PROBLEM TO SOLVE
Could you give again exactly, and only, the lines from the one holding "Tunis . | |||||||||||||||||" through the end of the data, both ends included, with pictures left out?
[[ EXTRACTED RECORDS open ]]
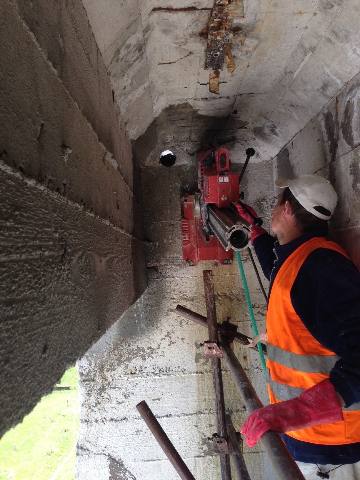 Ukážky z prác pri jadrovom vŕtaní na priehradnom múre Oravská vodná nádrž.
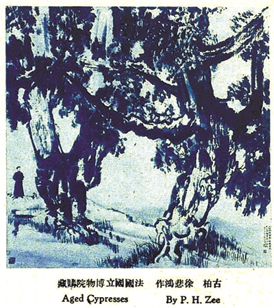 如本文前述,徐悲鸿于1947、1948两个年度,分别在南京北平两地所做两次讲演中,均以“北平的松柏树”为话题,借此表达自己的艺术理念与思想立场。那么,据《华北日报》报道可知,徐氏讲演中所谓“北平之所以美丽者,仅仗数千年来之古柏及白皮松而已”,又称“此二物从未在画家笔底出现,而仅本人于十五年前画二古柏,陈列于巴黎图书馆”云云,这一事实又究竟如何呢?
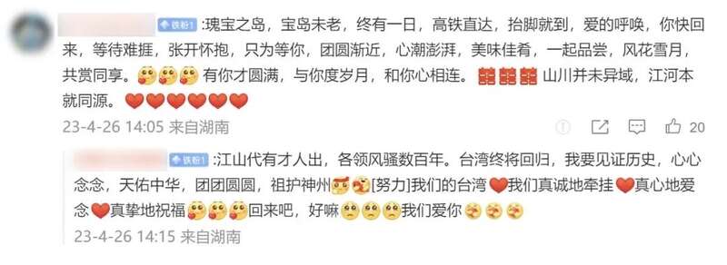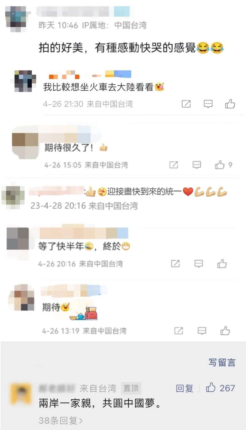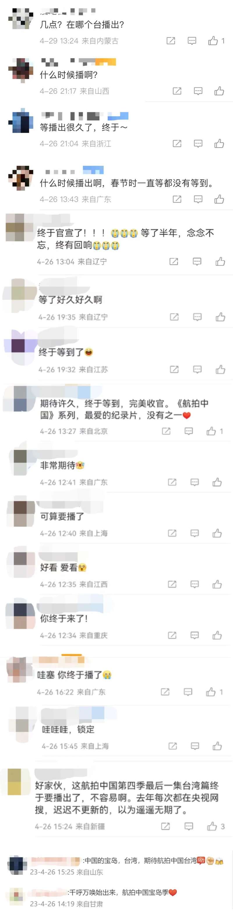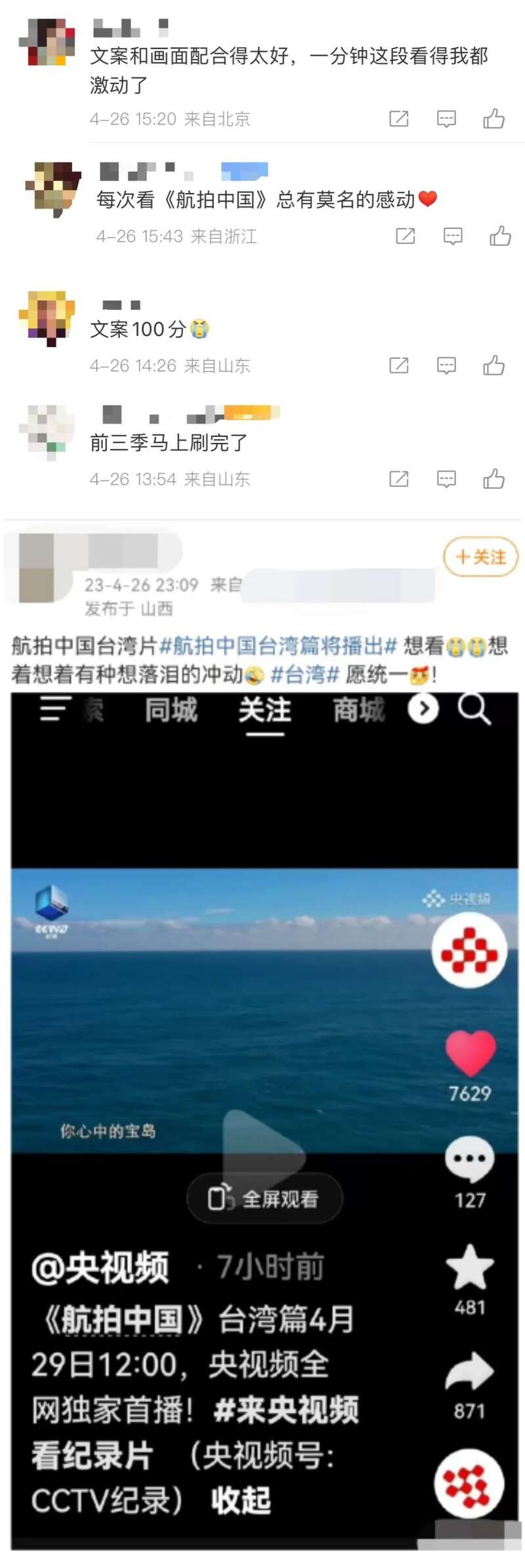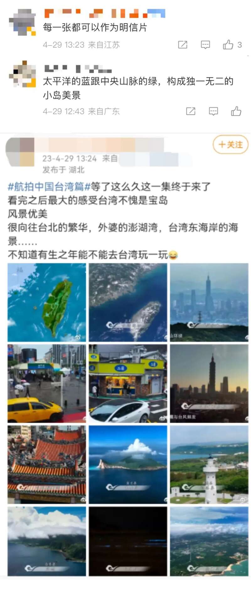 节目官宣定档时,不少网友留言,“期待航拍中国台湾,祝愿祖国两岸统一。”也有网友不住呼唤:“中国台湾,等你归航!”“快归来吧,这里才是快乐老家。”动情之处,更有网友写下了诗一般的留言:“瑰宝之岛,宝岛未老,终有一日,高铁直达,抬脚就到……山川并未异域,江河本就同源。”
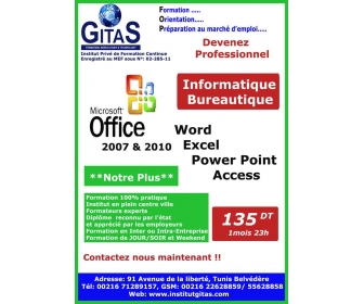 | Institut Gitas lance une nouvelle session de formation en INFORMATIQUE BUREAUTIQUE : Word, Excel, PP et Access. Notre Plus Inscription Gratuite . Formation 100% pratique . Institut en plein centre ville . Formateurs experts . Diplôme reconnu par l’état et apprécié par les employeurs . Formation en Inter ou Intra-Entreprise . Formation de JOUR/SOIR et Weekend . Contactez nous maintenant !! ADRESSE : 91, avenue de la liberté, le belvédère, 1002, Tunis . | |||||||||||||||||
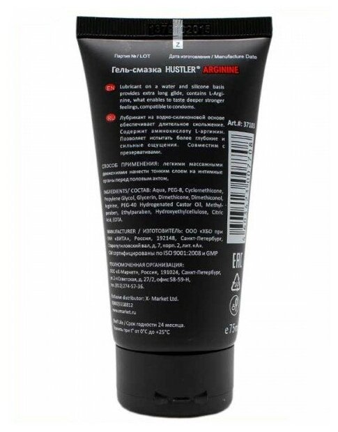 Гель-смазка водно-силиконовая стимулирующая ARGININE Hustler, 75 мл
[[ EXTRACTED RECORDS closed ]]
FINISHED TASK
 | Institut Gitas lance une nouvelle session de formation en INFORMATIQUE BUREAUTIQUE : Word, Excel, PP et Access. Notre Plus Inscription Gratuite . Formation 100% pratique . Institut en plein centre ville . Formateurs experts . Diplôme reconnu par l’état et apprécié par les employeurs . Formation en Inter ou Intra-Entreprise . Formation de JOUR/SOIR et Weekend . Contactez nous maintenant !! ADRESSE : 91, avenue de la liberté, le belvédère, 1002, Tunis . | |||||||||||||||||
 Гель-смазка водно-силиконовая стимулирующая ARGININE Hustler, 75 мл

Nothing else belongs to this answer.